╭─ TASK DATA

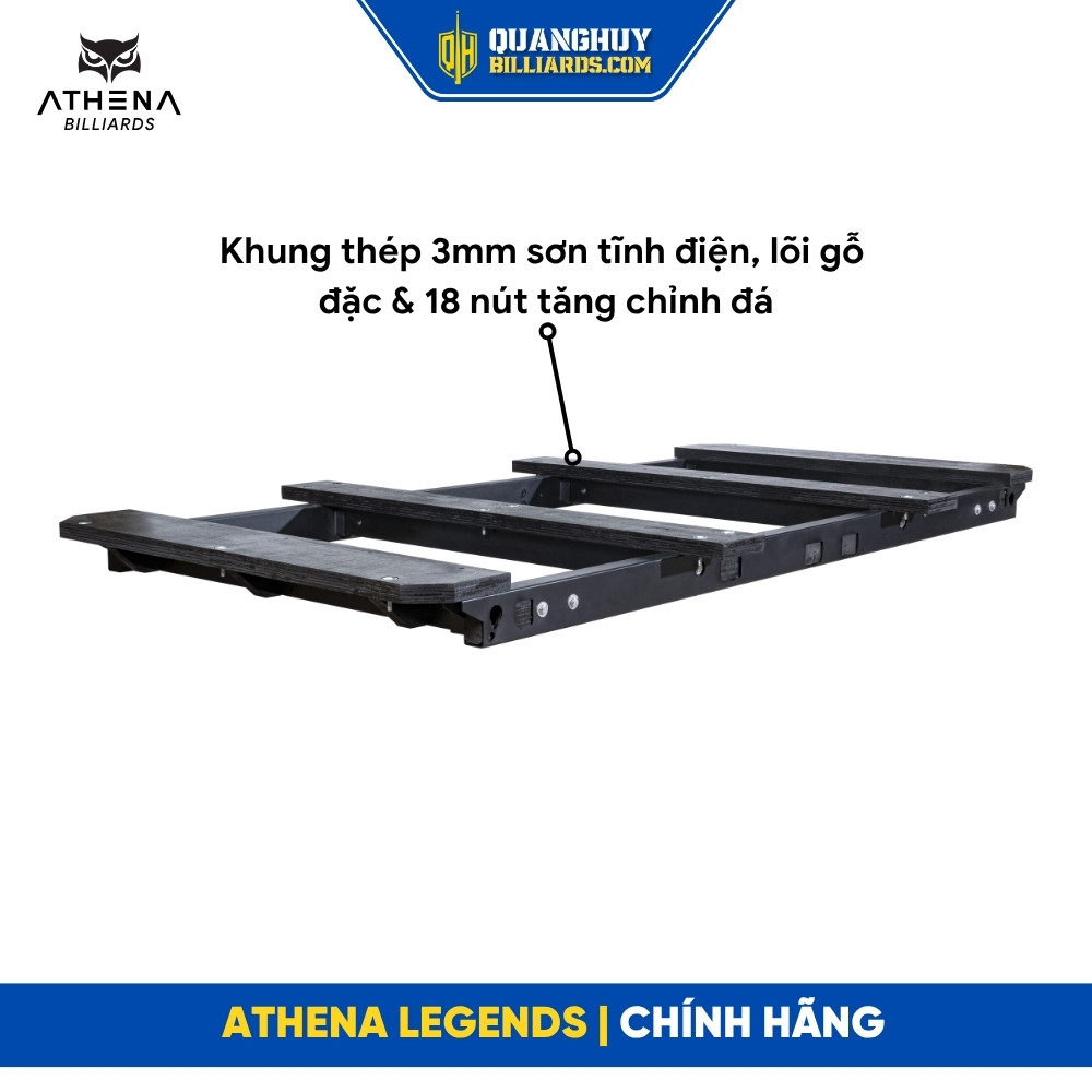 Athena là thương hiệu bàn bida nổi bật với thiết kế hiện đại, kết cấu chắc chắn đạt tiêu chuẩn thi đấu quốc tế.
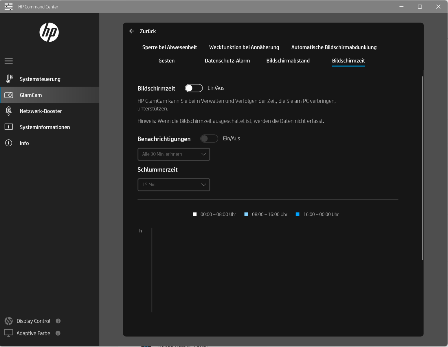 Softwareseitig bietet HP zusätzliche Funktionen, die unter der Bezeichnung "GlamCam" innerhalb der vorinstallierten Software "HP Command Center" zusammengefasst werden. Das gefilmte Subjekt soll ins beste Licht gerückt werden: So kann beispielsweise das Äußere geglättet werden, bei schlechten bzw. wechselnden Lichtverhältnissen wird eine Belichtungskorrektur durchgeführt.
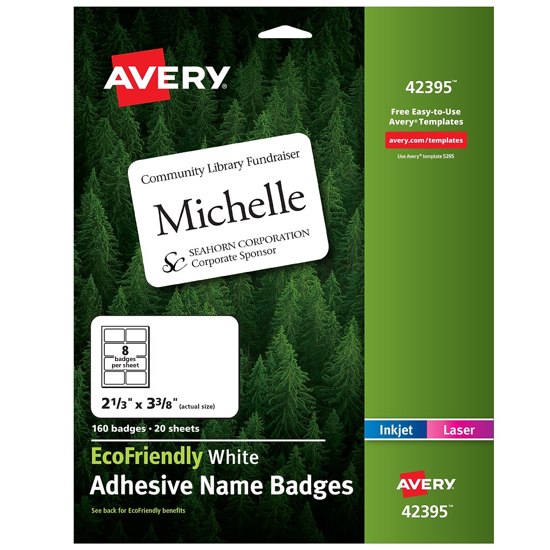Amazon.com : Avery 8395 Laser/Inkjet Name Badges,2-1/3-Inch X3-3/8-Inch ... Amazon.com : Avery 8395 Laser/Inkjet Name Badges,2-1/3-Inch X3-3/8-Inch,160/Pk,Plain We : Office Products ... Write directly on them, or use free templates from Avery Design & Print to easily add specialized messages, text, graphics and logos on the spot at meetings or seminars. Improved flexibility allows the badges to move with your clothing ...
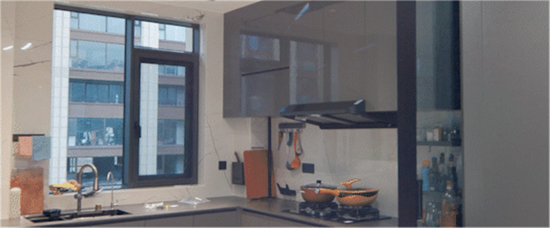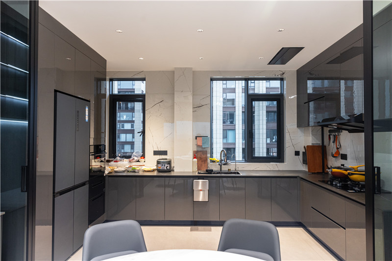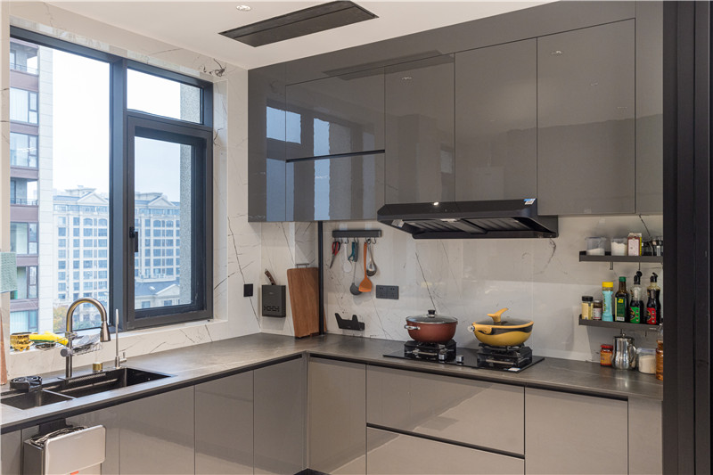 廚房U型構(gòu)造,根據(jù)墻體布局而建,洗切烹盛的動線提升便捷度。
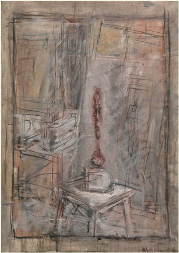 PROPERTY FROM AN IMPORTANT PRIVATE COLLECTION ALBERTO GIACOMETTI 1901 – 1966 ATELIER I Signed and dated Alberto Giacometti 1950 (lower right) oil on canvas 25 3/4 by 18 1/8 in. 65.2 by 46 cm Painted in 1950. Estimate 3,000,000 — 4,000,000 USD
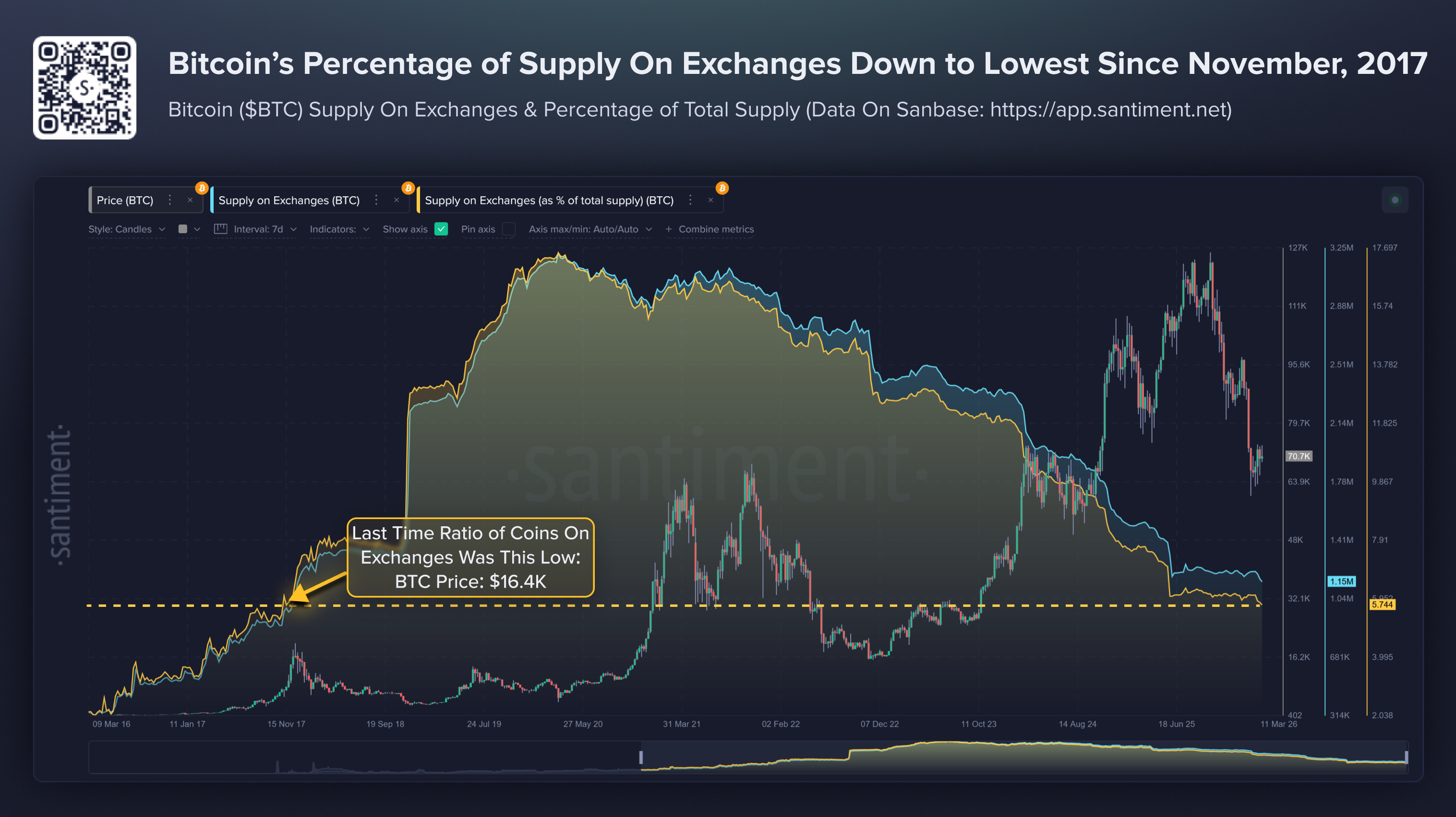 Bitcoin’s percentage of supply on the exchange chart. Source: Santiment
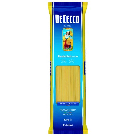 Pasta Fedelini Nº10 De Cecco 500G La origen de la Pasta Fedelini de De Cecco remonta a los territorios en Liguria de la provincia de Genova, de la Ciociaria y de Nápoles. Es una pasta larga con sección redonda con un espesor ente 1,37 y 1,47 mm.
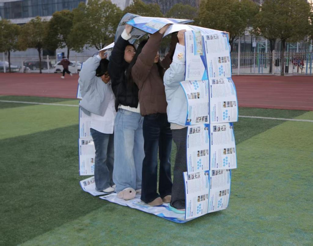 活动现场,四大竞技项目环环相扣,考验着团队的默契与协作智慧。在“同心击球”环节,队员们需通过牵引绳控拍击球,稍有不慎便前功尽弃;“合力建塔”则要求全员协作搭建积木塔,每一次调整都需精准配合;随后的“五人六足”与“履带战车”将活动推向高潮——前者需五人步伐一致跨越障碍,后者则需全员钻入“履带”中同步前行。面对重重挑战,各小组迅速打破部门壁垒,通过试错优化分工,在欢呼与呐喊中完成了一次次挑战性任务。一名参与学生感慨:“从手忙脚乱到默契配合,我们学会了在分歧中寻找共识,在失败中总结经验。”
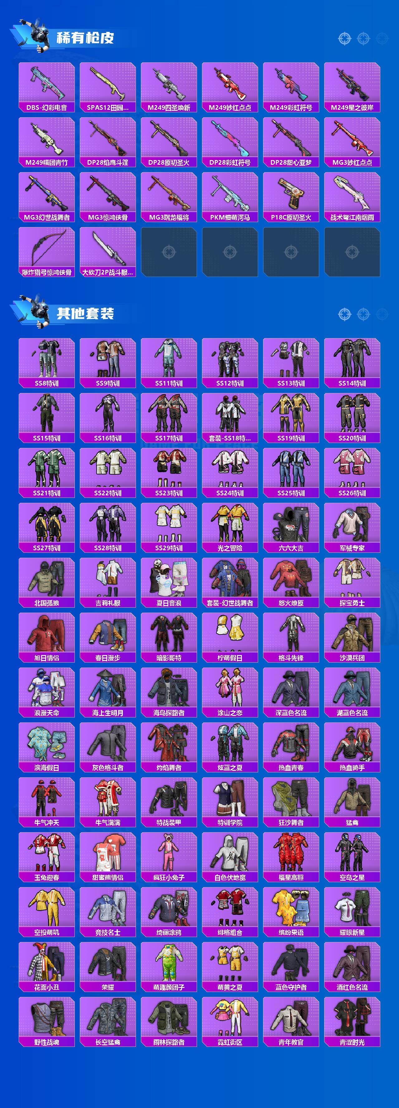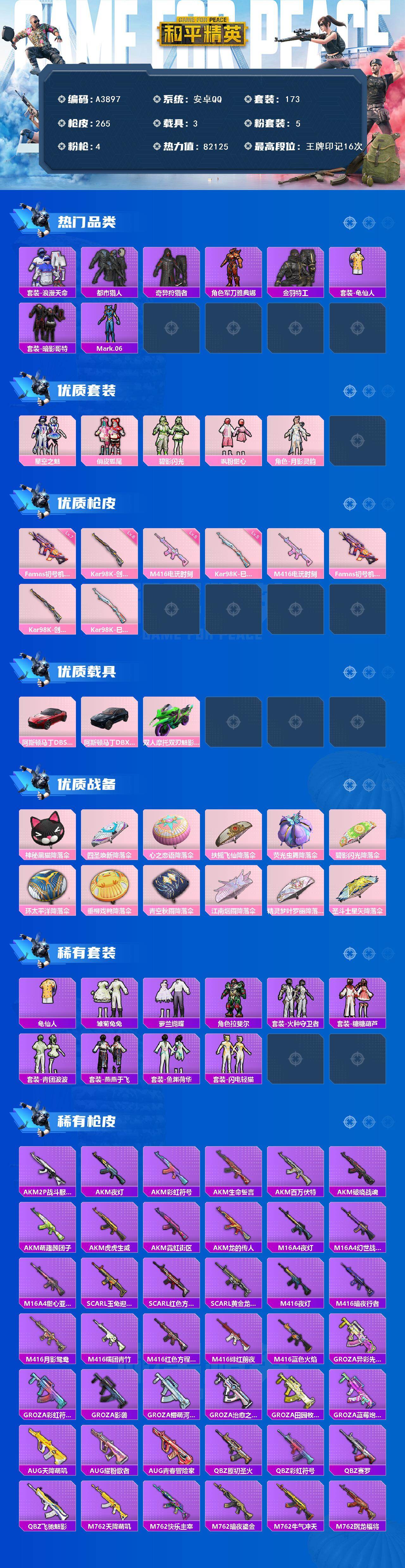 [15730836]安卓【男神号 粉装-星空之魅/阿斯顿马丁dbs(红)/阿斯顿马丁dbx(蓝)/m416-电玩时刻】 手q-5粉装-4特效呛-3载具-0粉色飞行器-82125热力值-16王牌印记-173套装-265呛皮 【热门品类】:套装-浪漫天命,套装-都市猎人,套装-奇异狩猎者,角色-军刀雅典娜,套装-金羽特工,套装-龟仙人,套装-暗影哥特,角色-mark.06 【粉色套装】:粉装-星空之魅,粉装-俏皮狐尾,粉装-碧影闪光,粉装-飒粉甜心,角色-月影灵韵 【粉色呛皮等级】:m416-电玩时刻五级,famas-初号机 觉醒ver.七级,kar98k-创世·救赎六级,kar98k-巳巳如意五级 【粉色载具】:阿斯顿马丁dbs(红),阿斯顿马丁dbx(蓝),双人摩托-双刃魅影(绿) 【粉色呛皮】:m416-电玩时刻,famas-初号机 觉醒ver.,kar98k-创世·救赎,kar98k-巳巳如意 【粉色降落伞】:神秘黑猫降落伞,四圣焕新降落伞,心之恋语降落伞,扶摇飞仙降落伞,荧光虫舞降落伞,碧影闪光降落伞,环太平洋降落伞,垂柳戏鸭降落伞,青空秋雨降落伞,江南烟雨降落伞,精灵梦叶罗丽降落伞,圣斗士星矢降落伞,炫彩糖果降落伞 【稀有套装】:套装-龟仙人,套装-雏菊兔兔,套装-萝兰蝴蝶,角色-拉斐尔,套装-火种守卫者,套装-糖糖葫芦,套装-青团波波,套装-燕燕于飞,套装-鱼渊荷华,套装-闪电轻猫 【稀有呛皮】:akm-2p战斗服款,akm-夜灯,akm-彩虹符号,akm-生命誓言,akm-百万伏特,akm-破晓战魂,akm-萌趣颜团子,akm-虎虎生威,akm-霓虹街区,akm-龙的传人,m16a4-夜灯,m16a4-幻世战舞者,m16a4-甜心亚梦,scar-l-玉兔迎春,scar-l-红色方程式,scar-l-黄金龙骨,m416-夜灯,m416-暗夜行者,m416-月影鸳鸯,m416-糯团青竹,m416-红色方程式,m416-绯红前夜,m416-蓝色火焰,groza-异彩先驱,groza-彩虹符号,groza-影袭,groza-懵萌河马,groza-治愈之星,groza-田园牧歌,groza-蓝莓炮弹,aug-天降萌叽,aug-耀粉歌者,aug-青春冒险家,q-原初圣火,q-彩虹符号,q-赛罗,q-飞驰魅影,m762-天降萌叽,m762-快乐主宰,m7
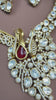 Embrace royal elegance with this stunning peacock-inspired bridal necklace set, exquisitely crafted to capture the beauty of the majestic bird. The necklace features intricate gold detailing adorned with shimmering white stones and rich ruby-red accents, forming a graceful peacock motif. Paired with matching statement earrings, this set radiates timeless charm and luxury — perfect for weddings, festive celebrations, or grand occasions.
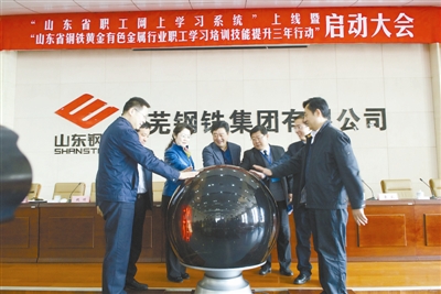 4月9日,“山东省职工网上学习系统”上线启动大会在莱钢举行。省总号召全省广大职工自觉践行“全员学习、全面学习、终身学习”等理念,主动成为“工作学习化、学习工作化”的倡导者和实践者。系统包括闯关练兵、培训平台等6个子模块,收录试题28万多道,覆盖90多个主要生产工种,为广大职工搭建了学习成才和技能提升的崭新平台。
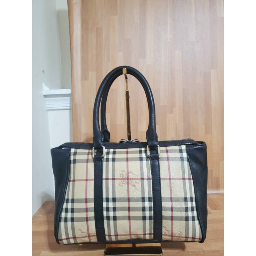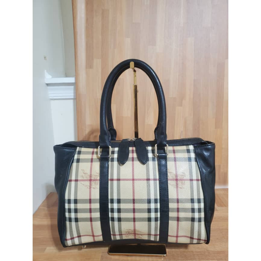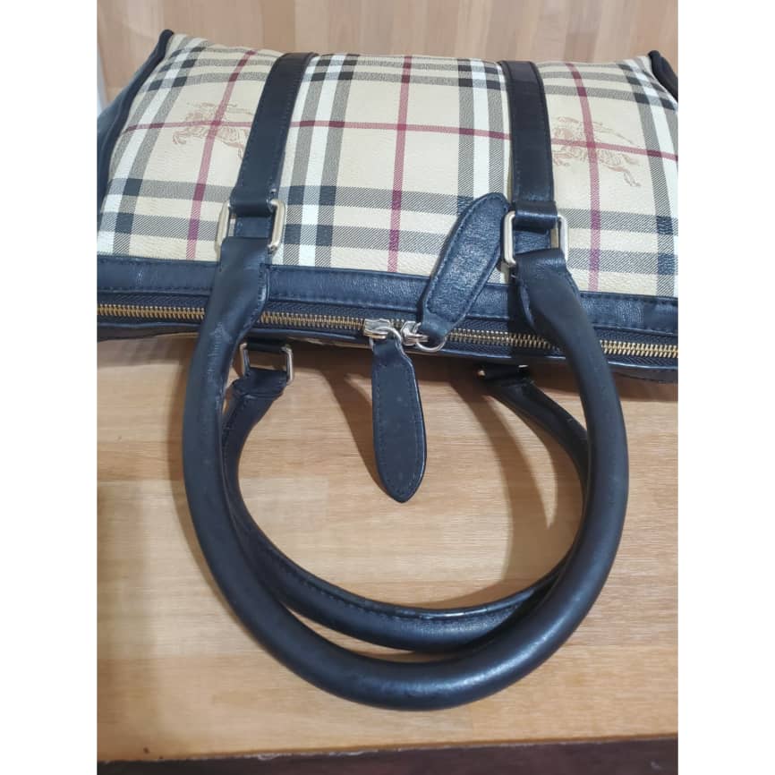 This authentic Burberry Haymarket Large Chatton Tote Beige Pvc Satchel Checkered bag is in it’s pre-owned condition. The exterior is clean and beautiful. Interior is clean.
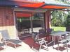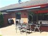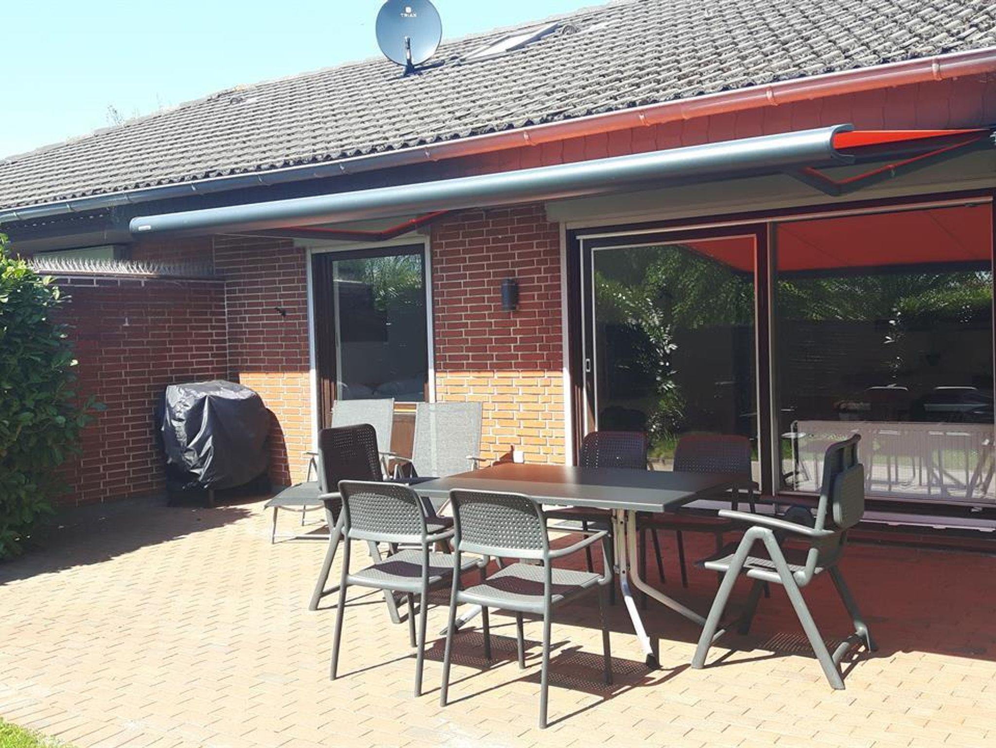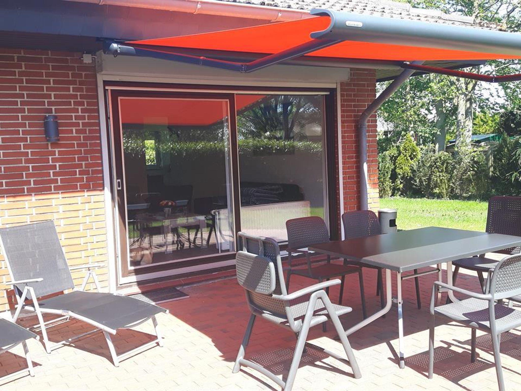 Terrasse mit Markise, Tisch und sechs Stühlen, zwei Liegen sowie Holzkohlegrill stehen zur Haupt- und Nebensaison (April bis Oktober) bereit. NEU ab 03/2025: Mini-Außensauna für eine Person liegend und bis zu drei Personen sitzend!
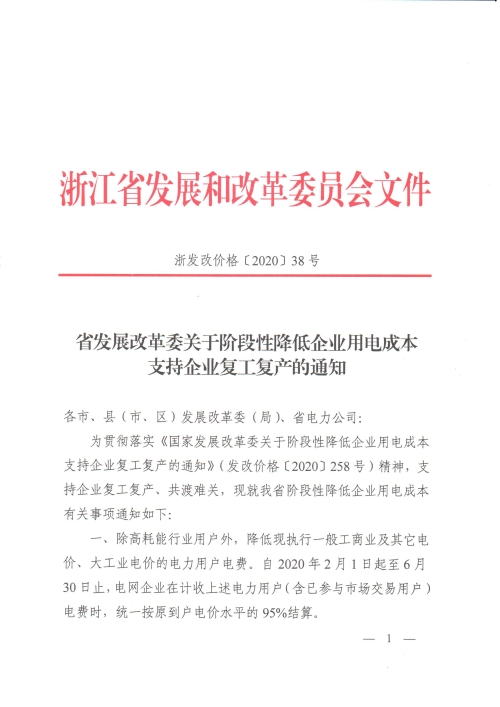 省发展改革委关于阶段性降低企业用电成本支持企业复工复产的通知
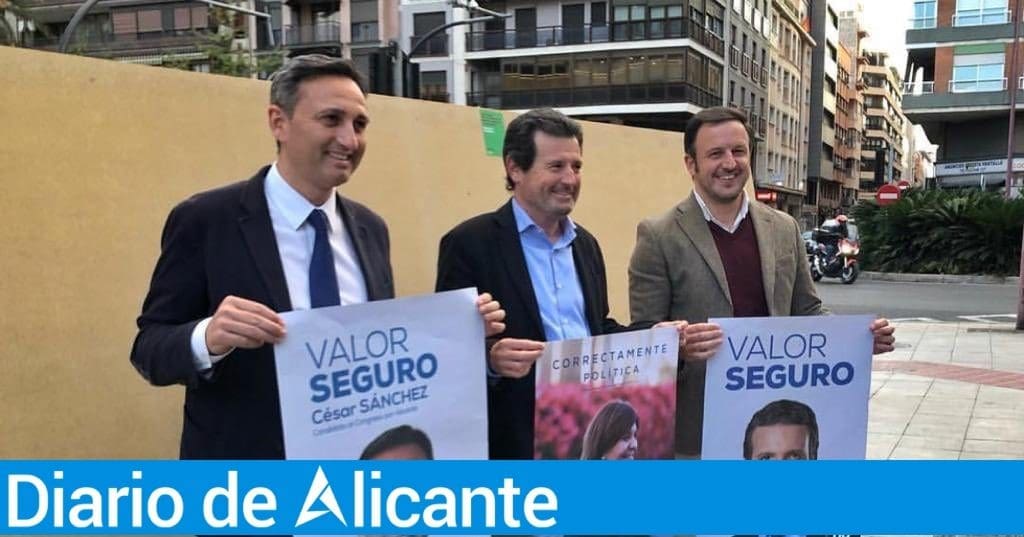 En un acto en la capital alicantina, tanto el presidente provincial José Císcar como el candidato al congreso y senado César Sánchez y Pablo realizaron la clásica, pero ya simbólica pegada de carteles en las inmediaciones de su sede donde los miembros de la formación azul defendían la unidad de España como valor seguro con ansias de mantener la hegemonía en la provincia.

╰─

**WHAT TO PRODUCE**
Only the lines from the first line of the entries through the line containing "PROPERTY FROM AN" should be output, exactly as they are, without pictures.

**WRITTEN SOLUTION**
 Athena là thương hiệu bàn bida nổi bật với thiết kế hiện đại, kết cấu chắc chắn đạt tiêu chuẩn thi đấu quốc tế.
 Softwareseitig bietet HP zusätzliche Funktionen, die unter der Bezeichnung "GlamCam" innerhalb der vorinstallierten Software "HP Command Center" zusammengefasst werden. Das gefilmte Subjekt soll ins beste Licht gerückt werden: So kann beispielsweise das Äußere geglättet werden, bei schlechten bzw. wechselnden Lichtverhältnissen wird eine Belichtungskorrektur durchgeführt.
Amazon.com : Avery 8395 Laser/Inkjet Name Badges,2-1/3-Inch X3-3/8-Inch ... Amazon.com : Avery 8395 Laser/Inkjet Name Badges,2-1/3-Inch X3-3/8-Inch,160/Pk,Plain We : Office Products ... Write directly on them, or use free templates from Avery Design & Print to easily add specialized messages, text, graphics and logos on the spot at meetings or seminars. Improved flexibility allows the badges to move with your clothing ...
 廚房U型構(gòu)造,根據(jù)墻體布局而建,洗切烹盛的動線提升便捷度。
 PROPERTY FROM AN IMPORTANT PRIVATE COLLECTION ALBERTO GIACOMETTI 1901 – 1966 ATELIER I Signed and dated Alberto Giacometti 1950 (lower right) oil on canvas 25 3/4 by 18 1/8 in. 65.2 by 46 cm Painted in 1950. Estimate 3,000,000 — 4,000,000 USD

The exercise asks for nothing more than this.